WHAT IS NEEDED:
From the entries that follow, reproduce exactly and only the lines from the line with "Questa scrivania elettrica" to the line with "郑州市应急管理局 2019-09-01 郑州", endpoints included.

BEGIN DATA FOR ANALYSIS

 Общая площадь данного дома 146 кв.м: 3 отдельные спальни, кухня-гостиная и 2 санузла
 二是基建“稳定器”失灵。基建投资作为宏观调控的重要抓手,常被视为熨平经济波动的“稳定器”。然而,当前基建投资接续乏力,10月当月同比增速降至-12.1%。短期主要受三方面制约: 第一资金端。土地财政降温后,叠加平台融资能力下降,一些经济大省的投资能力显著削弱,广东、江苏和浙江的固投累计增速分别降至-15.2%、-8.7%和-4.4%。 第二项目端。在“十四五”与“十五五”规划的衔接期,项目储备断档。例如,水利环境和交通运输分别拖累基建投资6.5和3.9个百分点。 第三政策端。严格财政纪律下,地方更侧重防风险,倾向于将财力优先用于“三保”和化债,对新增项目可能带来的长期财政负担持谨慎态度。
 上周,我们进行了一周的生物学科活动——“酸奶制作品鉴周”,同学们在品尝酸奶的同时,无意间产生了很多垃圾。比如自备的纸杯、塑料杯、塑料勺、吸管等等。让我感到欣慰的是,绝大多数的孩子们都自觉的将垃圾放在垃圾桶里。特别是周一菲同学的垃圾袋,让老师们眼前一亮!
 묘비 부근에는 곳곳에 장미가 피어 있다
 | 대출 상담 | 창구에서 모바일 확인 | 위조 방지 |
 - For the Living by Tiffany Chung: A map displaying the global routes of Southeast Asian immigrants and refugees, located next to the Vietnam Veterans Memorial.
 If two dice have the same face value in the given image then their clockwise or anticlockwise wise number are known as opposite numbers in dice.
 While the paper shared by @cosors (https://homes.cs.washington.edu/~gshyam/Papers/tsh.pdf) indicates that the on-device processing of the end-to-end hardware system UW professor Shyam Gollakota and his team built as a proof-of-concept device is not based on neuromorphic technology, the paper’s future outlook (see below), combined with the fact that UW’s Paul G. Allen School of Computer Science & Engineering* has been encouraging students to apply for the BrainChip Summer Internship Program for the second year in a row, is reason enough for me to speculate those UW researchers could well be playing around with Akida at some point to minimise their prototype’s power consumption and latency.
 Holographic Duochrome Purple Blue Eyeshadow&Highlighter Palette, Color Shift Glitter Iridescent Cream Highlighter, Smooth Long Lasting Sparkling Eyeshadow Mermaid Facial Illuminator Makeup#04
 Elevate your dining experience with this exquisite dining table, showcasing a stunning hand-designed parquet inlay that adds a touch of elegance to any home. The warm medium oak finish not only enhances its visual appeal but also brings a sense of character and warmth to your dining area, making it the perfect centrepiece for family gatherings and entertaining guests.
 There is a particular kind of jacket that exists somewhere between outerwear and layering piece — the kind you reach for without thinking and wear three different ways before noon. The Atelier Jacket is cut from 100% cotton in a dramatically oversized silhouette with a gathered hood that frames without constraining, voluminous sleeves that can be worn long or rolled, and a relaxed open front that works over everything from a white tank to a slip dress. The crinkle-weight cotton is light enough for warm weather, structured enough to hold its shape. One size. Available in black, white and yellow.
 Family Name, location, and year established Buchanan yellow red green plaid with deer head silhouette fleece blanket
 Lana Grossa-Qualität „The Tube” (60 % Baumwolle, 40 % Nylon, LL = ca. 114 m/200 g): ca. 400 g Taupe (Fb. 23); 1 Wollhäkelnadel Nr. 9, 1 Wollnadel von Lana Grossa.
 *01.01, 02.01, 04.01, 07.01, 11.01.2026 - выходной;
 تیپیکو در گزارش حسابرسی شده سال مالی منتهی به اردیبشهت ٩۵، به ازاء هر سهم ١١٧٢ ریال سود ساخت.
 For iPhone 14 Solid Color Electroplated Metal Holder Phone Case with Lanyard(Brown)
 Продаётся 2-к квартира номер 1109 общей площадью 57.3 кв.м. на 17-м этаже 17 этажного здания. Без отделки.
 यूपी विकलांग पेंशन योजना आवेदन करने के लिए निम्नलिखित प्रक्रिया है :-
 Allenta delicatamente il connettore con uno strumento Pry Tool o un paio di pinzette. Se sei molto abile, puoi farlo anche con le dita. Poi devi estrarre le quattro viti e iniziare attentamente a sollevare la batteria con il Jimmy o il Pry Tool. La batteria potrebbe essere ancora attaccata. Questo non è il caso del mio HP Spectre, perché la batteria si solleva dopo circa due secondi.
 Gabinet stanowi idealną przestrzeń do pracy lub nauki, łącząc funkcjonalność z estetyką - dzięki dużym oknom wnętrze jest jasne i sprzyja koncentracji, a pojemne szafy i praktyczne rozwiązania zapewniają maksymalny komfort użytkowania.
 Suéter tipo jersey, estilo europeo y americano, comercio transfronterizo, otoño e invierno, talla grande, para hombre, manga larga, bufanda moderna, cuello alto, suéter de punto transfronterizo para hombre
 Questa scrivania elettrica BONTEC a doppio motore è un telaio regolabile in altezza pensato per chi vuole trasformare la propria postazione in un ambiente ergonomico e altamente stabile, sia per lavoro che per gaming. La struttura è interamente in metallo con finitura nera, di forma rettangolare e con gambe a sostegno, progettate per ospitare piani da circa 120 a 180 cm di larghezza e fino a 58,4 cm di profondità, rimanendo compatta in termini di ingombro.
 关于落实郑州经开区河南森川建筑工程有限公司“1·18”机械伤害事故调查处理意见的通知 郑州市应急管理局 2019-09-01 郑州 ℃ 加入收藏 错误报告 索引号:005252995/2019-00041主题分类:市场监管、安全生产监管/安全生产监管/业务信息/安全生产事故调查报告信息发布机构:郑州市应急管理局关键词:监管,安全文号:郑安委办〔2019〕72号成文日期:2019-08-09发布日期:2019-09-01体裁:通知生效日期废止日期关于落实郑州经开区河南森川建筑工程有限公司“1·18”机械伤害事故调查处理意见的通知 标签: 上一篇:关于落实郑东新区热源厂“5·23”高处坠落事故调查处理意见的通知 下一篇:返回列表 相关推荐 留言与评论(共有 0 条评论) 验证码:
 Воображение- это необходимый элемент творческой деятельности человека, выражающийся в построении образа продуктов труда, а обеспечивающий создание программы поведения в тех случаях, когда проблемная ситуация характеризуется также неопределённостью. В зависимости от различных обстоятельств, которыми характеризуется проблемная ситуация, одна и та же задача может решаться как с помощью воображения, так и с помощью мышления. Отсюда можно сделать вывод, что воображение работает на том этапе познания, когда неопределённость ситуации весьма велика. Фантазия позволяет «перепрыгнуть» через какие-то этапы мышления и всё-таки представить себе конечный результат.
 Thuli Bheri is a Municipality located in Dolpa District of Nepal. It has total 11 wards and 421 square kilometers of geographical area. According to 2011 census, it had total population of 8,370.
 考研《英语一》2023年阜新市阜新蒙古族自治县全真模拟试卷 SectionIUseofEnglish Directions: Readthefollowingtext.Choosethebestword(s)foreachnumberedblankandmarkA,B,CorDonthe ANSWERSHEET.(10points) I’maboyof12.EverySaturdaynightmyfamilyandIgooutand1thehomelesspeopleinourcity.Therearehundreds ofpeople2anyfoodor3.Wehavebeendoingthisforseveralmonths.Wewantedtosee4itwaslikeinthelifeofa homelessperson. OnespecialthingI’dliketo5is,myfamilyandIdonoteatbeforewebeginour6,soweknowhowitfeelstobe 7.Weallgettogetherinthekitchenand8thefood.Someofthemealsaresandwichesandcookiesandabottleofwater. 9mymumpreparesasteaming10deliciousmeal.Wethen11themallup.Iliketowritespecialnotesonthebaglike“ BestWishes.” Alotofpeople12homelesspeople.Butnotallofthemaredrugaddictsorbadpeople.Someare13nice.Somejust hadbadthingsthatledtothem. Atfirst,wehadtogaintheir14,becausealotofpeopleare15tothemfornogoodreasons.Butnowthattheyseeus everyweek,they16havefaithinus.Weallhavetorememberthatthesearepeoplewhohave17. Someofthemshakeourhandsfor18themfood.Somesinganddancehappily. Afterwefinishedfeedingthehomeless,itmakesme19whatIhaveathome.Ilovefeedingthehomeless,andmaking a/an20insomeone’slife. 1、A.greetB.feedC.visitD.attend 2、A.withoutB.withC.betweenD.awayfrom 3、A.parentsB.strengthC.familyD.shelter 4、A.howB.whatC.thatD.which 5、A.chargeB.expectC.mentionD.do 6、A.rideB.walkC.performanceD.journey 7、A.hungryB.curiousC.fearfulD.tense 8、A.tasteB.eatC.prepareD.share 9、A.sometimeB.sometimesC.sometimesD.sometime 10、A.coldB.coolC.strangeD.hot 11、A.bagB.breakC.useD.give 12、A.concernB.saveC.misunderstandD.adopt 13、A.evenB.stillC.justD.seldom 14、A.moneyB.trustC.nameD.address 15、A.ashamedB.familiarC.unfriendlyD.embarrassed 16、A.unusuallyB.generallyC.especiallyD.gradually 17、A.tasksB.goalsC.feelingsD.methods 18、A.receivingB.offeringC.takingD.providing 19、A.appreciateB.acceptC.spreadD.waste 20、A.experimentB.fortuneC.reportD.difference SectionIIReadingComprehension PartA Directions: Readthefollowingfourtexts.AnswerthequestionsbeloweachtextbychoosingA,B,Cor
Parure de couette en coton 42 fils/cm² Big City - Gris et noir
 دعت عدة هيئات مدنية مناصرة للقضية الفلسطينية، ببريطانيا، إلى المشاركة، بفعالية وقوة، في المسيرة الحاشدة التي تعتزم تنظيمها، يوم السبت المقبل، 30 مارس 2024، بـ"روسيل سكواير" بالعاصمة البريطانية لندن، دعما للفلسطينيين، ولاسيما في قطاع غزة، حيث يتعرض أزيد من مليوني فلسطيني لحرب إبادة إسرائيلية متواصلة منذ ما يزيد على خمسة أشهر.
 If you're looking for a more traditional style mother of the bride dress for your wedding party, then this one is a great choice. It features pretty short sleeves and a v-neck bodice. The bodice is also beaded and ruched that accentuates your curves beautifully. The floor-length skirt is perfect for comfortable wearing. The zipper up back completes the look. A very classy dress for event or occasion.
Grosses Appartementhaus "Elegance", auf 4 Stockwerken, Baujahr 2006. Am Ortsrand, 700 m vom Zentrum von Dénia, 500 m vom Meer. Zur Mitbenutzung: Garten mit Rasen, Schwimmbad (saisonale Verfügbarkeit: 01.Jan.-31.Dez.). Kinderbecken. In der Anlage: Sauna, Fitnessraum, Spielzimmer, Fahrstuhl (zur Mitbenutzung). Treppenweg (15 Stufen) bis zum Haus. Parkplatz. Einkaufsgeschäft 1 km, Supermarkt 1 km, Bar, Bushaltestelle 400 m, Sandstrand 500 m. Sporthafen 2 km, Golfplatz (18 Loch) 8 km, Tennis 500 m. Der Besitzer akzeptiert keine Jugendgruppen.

END DATA FOR ANALYSIS

EXERCISE SOLUTION:
 Questa scrivania elettrica BONTEC a doppio motore è un telaio regolabile in altezza pensato per chi vuole trasformare la propria postazione in un ambiente ergonomico e altamente stabile, sia per lavoro che per gaming. La struttura è interamente in metallo con finitura nera, di forma rettangolare e con gambe a sostegno, progettate per ospitare piani da circa 120 a 180 cm di larghezza e fino a 58,4 cm di profondità, rimanendo compatta in termini di ingombro.
 关于落实郑州经开区河南森川建筑工程有限公司“1·18”机械伤害事故调查处理意见的通知 郑州市应急管理局 2019-09-01 郑州 ℃ 加入收藏 错误报告 索引号:005252995/2019-00041主题分类:市场监管、安全生产监管/安全生产监管/业务信息/安全生产事故调查报告信息发布机构:郑州市应急管理局关键词:监管,安全文号:郑安委办〔2019〕72号成文日期:2019-08-09发布日期:2019-09-01体裁:通知生效日期废止日期关于落实郑州经开区河南森川建筑工程有限公司“1·18”机械伤害事故调查处理意见的通知 标签: 上一篇:关于落实郑东新区热源厂“5·23”高处坠落事故调查处理意见的通知 下一篇:返回列表 相关推荐 留言与评论(共有 0 条评论) 验证码:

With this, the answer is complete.